* Task description *
Among the entries below, the lines from the one with "Luigi Crisconio (Napoli" up to and including the one with "37mm stainless steel" are to be restated exactly, without pictures.

* Supplied records *
————

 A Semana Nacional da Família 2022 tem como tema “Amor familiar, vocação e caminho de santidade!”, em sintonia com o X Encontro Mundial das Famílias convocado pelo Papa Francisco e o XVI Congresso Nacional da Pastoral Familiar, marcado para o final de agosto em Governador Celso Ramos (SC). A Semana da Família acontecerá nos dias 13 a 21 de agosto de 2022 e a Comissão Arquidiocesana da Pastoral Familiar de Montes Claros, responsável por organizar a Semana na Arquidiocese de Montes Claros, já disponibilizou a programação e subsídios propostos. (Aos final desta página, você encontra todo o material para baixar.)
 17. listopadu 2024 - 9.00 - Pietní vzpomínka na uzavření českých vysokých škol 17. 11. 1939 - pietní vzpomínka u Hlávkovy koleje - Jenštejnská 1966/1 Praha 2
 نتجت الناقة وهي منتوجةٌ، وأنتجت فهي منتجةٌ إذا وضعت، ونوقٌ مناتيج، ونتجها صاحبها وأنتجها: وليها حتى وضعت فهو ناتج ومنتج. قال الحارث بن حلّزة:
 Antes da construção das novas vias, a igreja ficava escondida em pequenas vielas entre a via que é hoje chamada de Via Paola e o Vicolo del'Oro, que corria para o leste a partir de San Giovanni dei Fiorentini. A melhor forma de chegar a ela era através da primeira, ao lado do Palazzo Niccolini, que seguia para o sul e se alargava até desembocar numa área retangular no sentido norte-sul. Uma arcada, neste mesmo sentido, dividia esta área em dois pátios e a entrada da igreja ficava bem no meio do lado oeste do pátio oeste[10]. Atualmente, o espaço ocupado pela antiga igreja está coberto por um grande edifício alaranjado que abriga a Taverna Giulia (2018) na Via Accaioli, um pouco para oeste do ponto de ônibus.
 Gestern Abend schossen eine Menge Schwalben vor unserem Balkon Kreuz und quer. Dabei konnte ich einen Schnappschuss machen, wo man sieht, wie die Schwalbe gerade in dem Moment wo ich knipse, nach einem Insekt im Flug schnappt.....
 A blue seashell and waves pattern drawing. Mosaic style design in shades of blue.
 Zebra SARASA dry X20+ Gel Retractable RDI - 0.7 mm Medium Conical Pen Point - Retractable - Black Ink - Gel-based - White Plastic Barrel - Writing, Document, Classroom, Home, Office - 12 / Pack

————

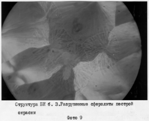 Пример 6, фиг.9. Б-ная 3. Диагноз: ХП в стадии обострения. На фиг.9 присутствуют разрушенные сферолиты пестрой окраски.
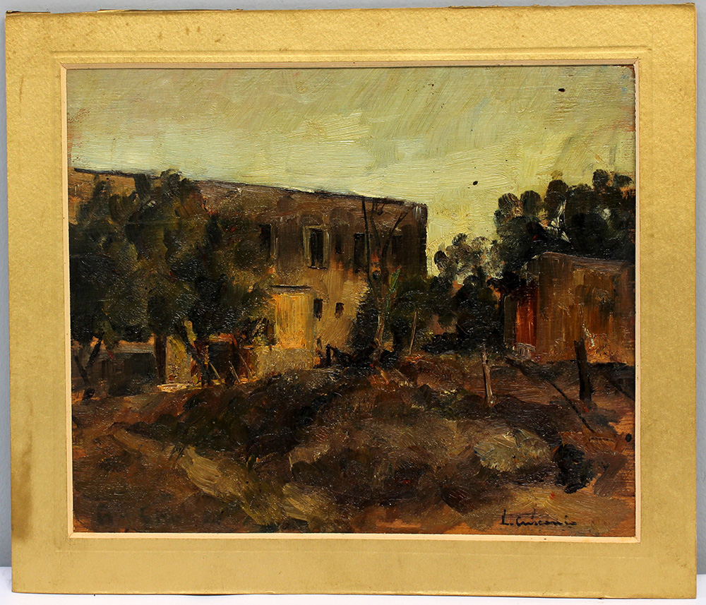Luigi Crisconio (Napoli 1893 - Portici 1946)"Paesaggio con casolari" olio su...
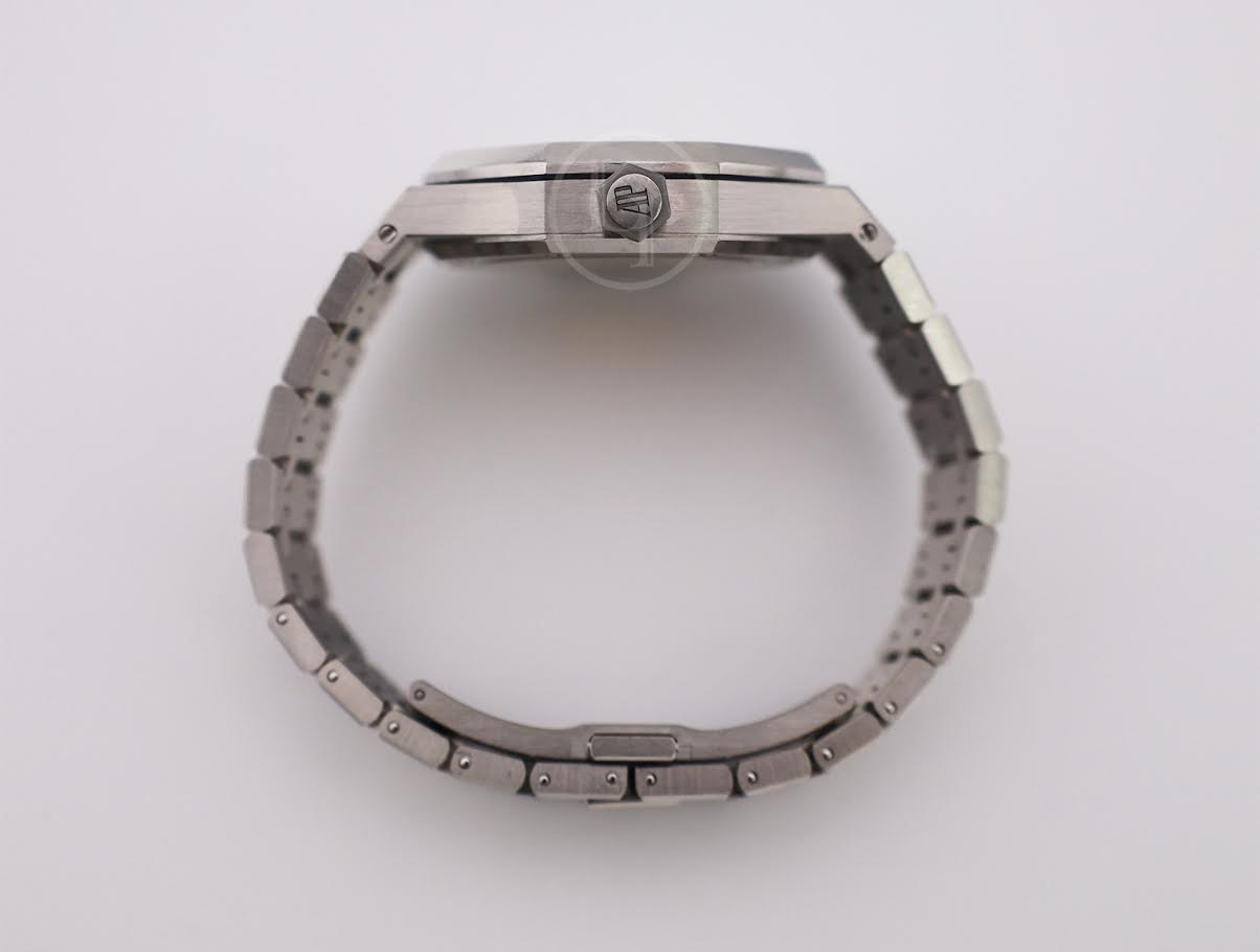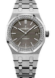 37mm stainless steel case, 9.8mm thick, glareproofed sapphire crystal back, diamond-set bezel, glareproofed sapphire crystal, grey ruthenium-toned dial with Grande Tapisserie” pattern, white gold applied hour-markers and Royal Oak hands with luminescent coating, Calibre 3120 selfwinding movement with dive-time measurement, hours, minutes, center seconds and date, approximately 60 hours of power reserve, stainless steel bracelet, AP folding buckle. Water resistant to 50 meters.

————

* Task output *
Luigi Crisconio (Napoli 1893 - Portici 1946)"Paesaggio con casolari" olio su...
 37mm stainless steel case, 9.8mm thick, glareproofed sapphire crystal back, diamond-set bezel, glareproofed sapphire crystal, grey ruthenium-toned dial with Grande Tapisserie” pattern, white gold applied hour-markers and Royal Oak hands with luminescent coating, Calibre 3120 selfwinding movement with dive-time measurement, hours, minutes, center seconds and date, approximately 60 hours of power reserve, stainless steel bracelet, AP folding buckle. Water resistant to 50 meters.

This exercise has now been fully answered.